Obviously, Java doesn't support unsigned number types natively, and that's not going to change soon (comments starting in 2002). However, when working with databases, such as MySQL, they may come in handy every now and then. There are a lot of questions dealing with how to simulate unsigned numbers. For example:

  • unsigned short in java
  • Java: Unsigned numbers
  • Understanding Java unsigned numbers

All of them superficially describe how it could be done. But is there any library actually going all the way and implementing suitable wrappers for UByte, UShort, UInteger, ULong? Preferably, those wrappers would extend java.lang.Number and provide an arithmetic API similar to that of java.math.BigInteger.

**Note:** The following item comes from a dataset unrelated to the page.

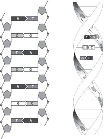 Каждая хромосома содержит длинную молекулу ДНК, о которой мы уже говорили. В вытянутом виде ДНК представляет собой некое подобие винтовой лестницы, ступеньки которой состоят из четырех оснований: цитозина, гуанина, аденина и тимина, – причем каждому основанию в одной половине ДНК строго соответствует другое основание. Ваши гены, о которых так много говорят в последнее время и которые считаются фундаментальными основами жизни, не являются какими-то отдельными образованиями. Это сегменты молекулы ДНК.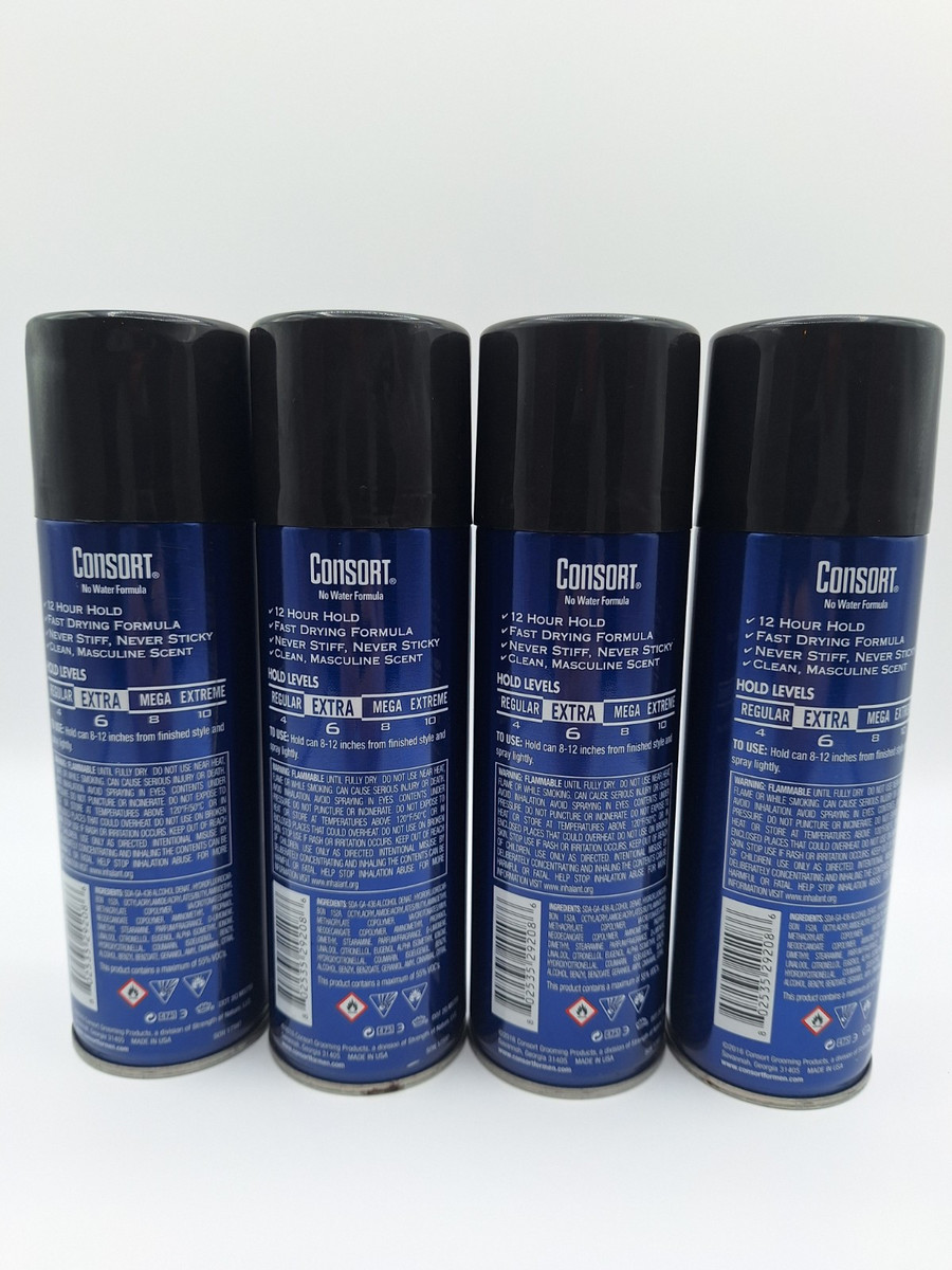 Consort Aerosol Hair Spray for Men Extra Hold 8.3 oz 4 Pack NEW

As can be seen in this document, there's a lot to think of, and a lot that can go wrong (e.g. how to bitwise shift, how to multiply, etc), so I don't want to do it myself. Also, I don't want to just use the next higher type (e.g. Short instead of Byte, etc.). I want the notion of an 8-bit, 16-bit, 32-bit, 64-bit number preserved, for best interaction with databases, for instance.

UPDATE:

Before you answer! Consider that I know all the workarounds, but I'd really really like to have exactly those 4 types with exactly the above properties. And maybe someone has already done that, so that's why I ask. No need to remind me of the workarounds.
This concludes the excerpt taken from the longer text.